%%

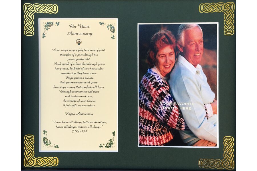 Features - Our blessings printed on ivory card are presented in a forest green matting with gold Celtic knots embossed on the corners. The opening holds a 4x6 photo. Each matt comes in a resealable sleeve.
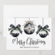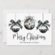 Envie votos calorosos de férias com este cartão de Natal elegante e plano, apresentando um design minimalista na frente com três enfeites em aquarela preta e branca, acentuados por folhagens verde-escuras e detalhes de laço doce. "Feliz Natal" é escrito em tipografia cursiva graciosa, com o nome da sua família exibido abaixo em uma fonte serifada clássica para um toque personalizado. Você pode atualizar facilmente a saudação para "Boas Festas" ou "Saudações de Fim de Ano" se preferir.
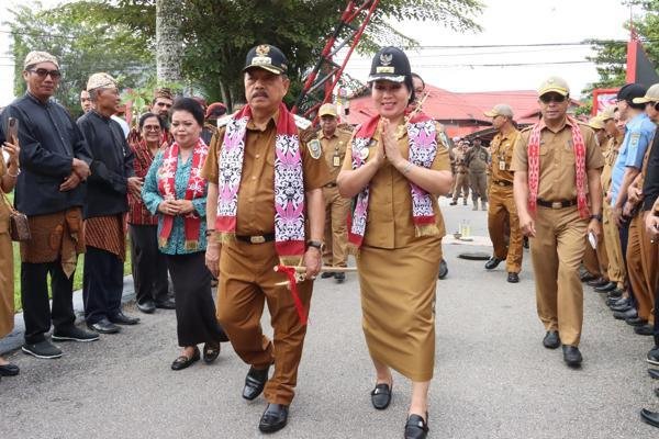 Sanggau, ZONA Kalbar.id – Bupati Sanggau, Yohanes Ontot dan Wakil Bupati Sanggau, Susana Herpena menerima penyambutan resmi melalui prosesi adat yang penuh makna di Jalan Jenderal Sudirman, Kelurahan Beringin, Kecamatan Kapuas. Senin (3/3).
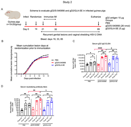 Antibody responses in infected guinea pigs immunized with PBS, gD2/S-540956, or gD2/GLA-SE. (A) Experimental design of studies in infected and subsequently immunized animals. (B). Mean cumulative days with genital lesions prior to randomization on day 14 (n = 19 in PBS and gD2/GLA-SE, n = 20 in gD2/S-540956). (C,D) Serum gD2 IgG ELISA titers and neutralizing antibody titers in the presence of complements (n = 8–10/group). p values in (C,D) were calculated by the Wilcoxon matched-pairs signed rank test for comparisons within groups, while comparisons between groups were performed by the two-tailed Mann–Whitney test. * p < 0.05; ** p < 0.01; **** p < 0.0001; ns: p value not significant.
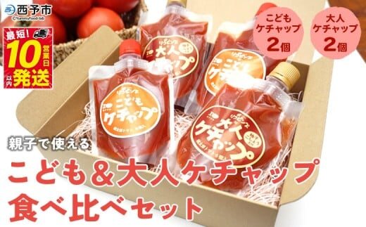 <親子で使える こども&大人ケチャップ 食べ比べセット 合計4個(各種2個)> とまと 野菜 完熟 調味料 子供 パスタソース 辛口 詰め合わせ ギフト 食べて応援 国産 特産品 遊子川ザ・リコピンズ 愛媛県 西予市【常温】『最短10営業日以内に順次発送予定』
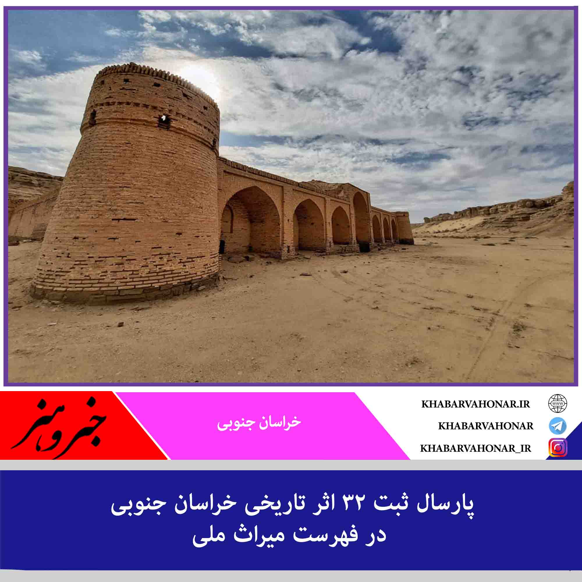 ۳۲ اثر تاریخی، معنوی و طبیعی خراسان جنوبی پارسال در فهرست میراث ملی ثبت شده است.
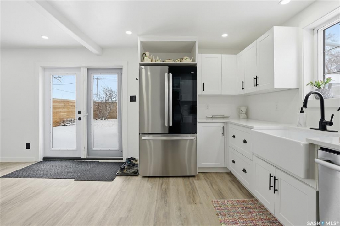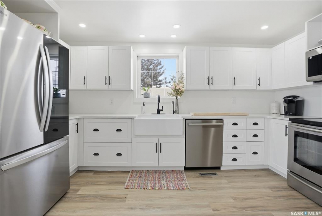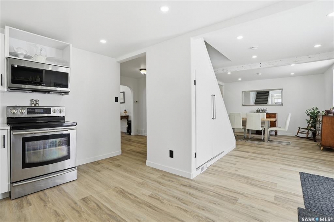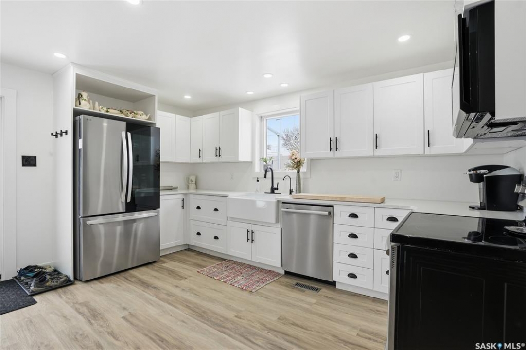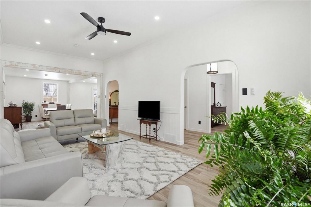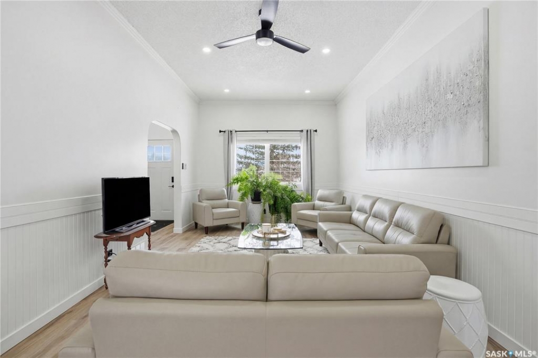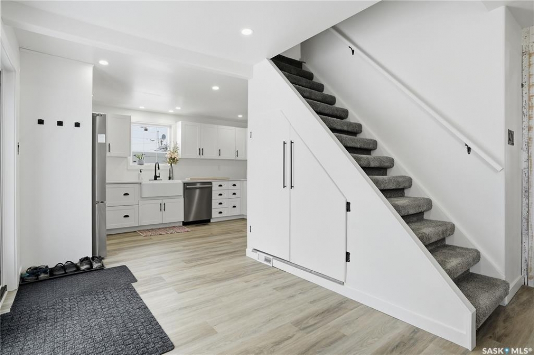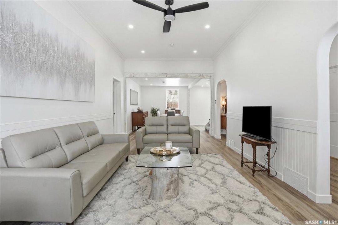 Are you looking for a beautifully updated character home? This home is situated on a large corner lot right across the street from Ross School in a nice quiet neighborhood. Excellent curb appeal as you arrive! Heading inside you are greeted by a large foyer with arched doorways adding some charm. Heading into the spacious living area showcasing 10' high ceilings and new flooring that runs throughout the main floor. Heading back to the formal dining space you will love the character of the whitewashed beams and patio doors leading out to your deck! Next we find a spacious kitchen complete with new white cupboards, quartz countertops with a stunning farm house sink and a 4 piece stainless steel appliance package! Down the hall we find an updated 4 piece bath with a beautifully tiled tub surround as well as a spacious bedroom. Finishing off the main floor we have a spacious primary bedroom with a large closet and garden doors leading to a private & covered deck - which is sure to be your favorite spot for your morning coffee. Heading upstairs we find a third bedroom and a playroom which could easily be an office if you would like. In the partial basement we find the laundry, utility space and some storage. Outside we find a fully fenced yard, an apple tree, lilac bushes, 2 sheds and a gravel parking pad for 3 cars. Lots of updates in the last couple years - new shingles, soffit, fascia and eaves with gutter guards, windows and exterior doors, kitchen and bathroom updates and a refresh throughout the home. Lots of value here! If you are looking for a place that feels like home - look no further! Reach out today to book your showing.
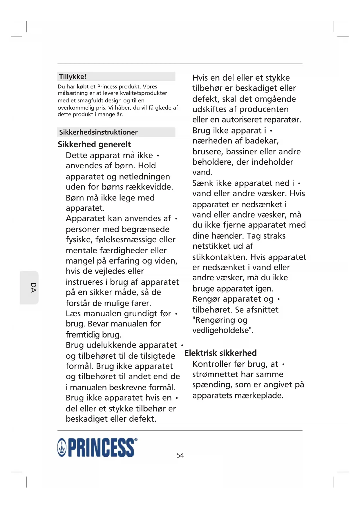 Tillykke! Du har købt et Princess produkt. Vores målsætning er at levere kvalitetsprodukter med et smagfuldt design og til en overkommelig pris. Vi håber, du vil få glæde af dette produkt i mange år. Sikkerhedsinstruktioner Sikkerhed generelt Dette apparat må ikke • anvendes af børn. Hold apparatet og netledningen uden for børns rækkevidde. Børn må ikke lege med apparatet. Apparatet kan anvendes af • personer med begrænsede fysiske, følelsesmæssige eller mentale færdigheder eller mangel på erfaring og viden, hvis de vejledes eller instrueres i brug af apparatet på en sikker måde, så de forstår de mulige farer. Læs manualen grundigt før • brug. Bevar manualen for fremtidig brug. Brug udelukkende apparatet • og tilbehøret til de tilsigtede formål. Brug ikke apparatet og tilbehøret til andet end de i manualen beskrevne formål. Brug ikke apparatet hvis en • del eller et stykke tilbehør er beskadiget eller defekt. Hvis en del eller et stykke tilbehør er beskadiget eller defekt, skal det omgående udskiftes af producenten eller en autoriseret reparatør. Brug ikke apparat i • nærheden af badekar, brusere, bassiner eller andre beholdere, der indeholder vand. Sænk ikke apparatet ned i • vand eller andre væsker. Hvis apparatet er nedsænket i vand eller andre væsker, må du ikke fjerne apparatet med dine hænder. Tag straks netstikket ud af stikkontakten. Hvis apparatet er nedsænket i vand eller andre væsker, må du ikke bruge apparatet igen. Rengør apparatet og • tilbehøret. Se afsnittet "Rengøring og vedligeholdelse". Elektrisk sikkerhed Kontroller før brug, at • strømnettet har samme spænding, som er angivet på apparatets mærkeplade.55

%%
%%

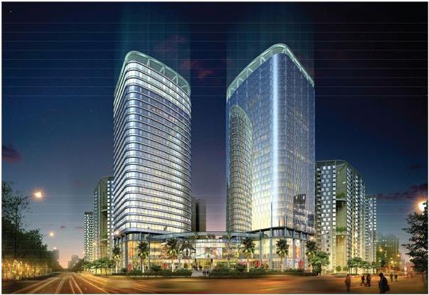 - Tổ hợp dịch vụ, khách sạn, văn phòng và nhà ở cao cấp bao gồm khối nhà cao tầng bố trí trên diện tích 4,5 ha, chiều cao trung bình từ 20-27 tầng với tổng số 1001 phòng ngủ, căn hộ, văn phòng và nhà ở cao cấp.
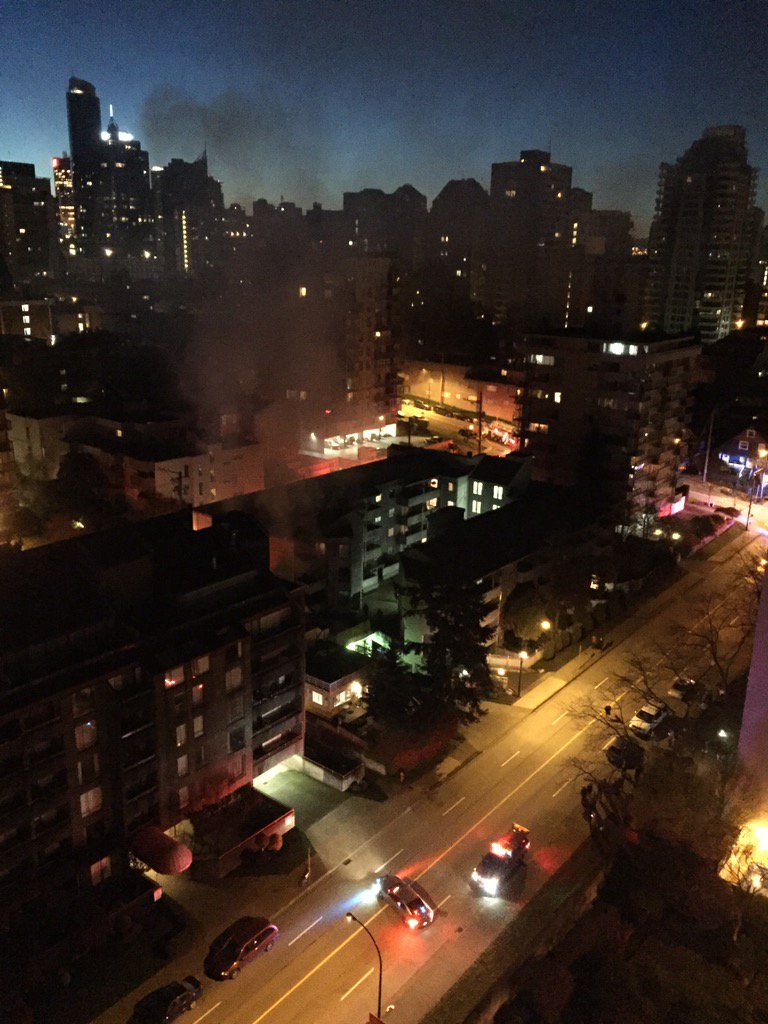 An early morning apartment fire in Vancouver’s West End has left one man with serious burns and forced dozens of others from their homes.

%%

◆ **WHAT IS BEING ASKED**
Look above for the line with "Features - Our" and the line with "۳۲ اثر تاریخی،"; set down those two lines and all lines between them exactly, without pictures and without anything else.

◆ **EXERCISE OUTPUT**
 Features - Our blessings printed on ivory card are presented in a forest green matting with gold Celtic knots embossed on the corners. The opening holds a 4x6 photo. Each matt comes in a resealable sleeve.
 Envie votos calorosos de férias com este cartão de Natal elegante e plano, apresentando um design minimalista na frente com três enfeites em aquarela preta e branca, acentuados por folhagens verde-escuras e detalhes de laço doce. "Feliz Natal" é escrito em tipografia cursiva graciosa, com o nome da sua família exibido abaixo em uma fonte serifada clássica para um toque personalizado. Você pode atualizar facilmente a saudação para "Boas Festas" ou "Saudações de Fim de Ano" se preferir.
 Sanggau, ZONA Kalbar.id – Bupati Sanggau, Yohanes Ontot dan Wakil Bupati Sanggau, Susana Herpena menerima penyambutan resmi melalui prosesi adat yang penuh makna di Jalan Jenderal Sudirman, Kelurahan Beringin, Kecamatan Kapuas. Senin (3/3).
 Antibody responses in infected guinea pigs immunized with PBS, gD2/S-540956, or gD2/GLA-SE. (A) Experimental design of studies in infected and subsequently immunized animals. (B). Mean cumulative days with genital lesions prior to randomization on day 14 (n = 19 in PBS and gD2/GLA-SE, n = 20 in gD2/S-540956). (C,D) Serum gD2 IgG ELISA titers and neutralizing antibody titers in the presence of complements (n = 8–10/group). p values in (C,D) were calculated by the Wilcoxon matched-pairs signed rank test for comparisons within groups, while comparisons between groups were performed by the two-tailed Mann–Whitney test. * p < 0.05; ** p < 0.01; **** p < 0.0001; ns: p value not significant.
 <親子で使える こども&大人ケチャップ 食べ比べセット 合計4個(各種2個)> とまと 野菜 完熟 調味料 子供 パスタソース 辛口 詰め合わせ ギフト 食べて応援 国産 特産品 遊子川ザ・リコピンズ 愛媛県 西予市【常温】『最短10営業日以内に順次発送予定』
 ۳۲ اثر تاریخی، معنوی و طبیعی خراسان جنوبی پارسال در فهرست میراث ملی ثبت شده است.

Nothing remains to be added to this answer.